THE THIRD STEP is figuring out where you’re going to find cash that is outside your normal wages or income streams so your Christmas is truly no-cost. Write a list of everything you could do to find more cash and use this as your to-do list once it’s complete. Suggestions might include selling clothes, shoes, bags, toys, gadgets or anything else that’s lying around cluttering your house or your wardrobe that you haven’t used for a while. You might become an Uber driver, a delivery rider, rent a room on Airbnb, complete online surveys, dog walk, dog wash, mow lawns, tutor, babysit or take a part-time job. Or perhaps you could sell your skills on one of the many marketplace sites such as Fiverr, Airtasker or Upwork. How you make some extra cash is only limited by your energy and imagination so make a list of everything you can do or sell.
All the planning in the world doesn’t help if you don’t do something – so this is the action part. For every item sold on eBay, Gumtree, Hock Your Frocks or whatever site you use, pop the funds into your No-cost Christmas account. If you take on extra work, make sure this income is paid into this account too.

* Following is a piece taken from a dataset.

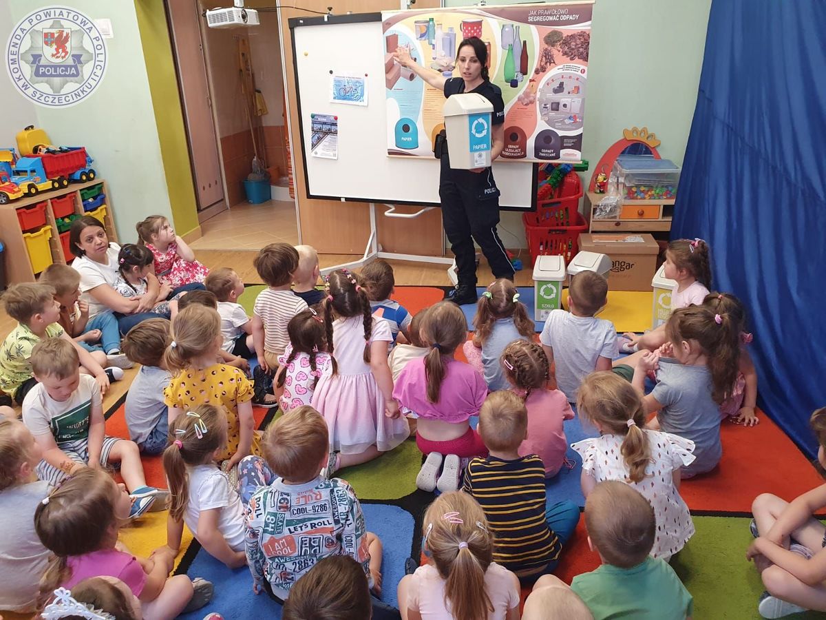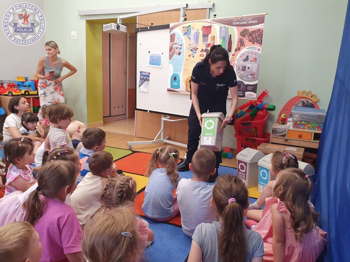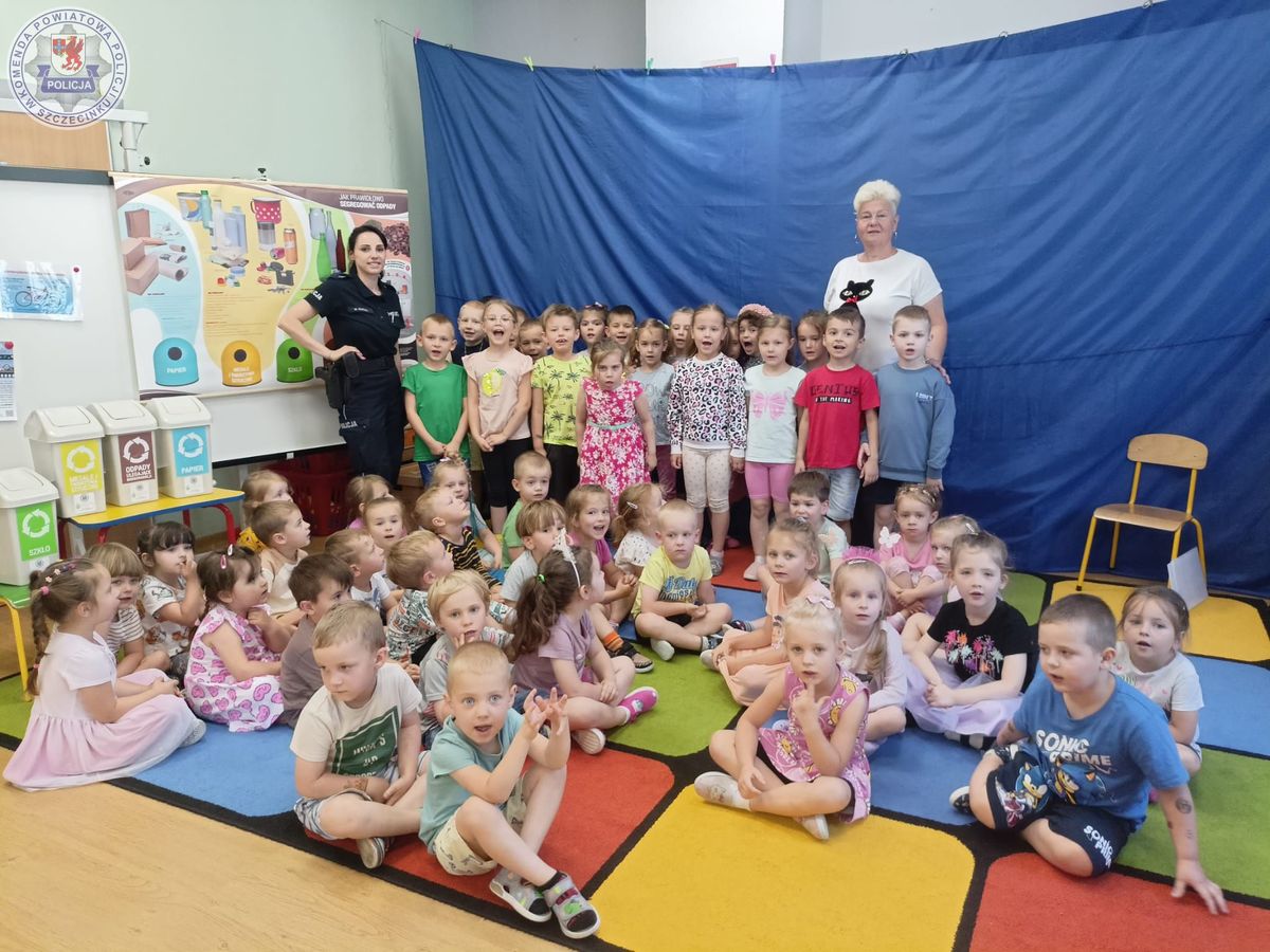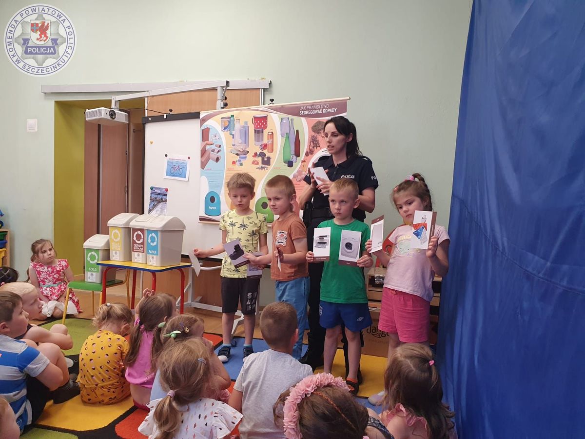 Tym razem o bepieczeństwie dla naszego środowiska i z innej perspektywy o bezpiecznych wakacjach rozmawiała z najmłodszymi policjantka z Komendy Powiatowej Policji w Szczecinku. Podczas spotkania mundurowa przypominała o pozostawianiu miejsc letniego wypoczynku w takim stanie jak je zastaliśmy. O zabieraniu ze sobą śmieci i nie pozostawianiu ich w lesie czy nad wodą. Wspólnie przez zabawę dzieci pod czujnym okiem policjantki przypominały sobie zasady segregacji śmieci.

Sometimes, it’s helpful to create something visual so you can track how you’re going, so on your phone or on the fridge create a chart and plot where you’re up to, how many weeks are left and your minimum and maximum amounts you want to reach.
When you spend over Christmas, only use your No-cost Christmas account. If you don’t have enough money in it even for the minimum amount you want to spend, then get creative (or regift!). Or perhaps if you’re really stuck, give the gift of time being spent with you or services you’ll carry out for your friends or family.
If you have money left over you might donate it to charity, splurge on yourself, start an investment or divvy it up and do all three. It’s a nice problem to have to deal with extra funds than to cope with a bloated credit card bill in January.
The only thing left to do is gloat to anyone who’ll listen, how the silly season has cost you absolutely nothing. This Christmas, rather than grumbling over the cost of the silly season, why not take up the no-cost Christmas challenge and give yourself the gift of a (financially at least) stress-free Christmas.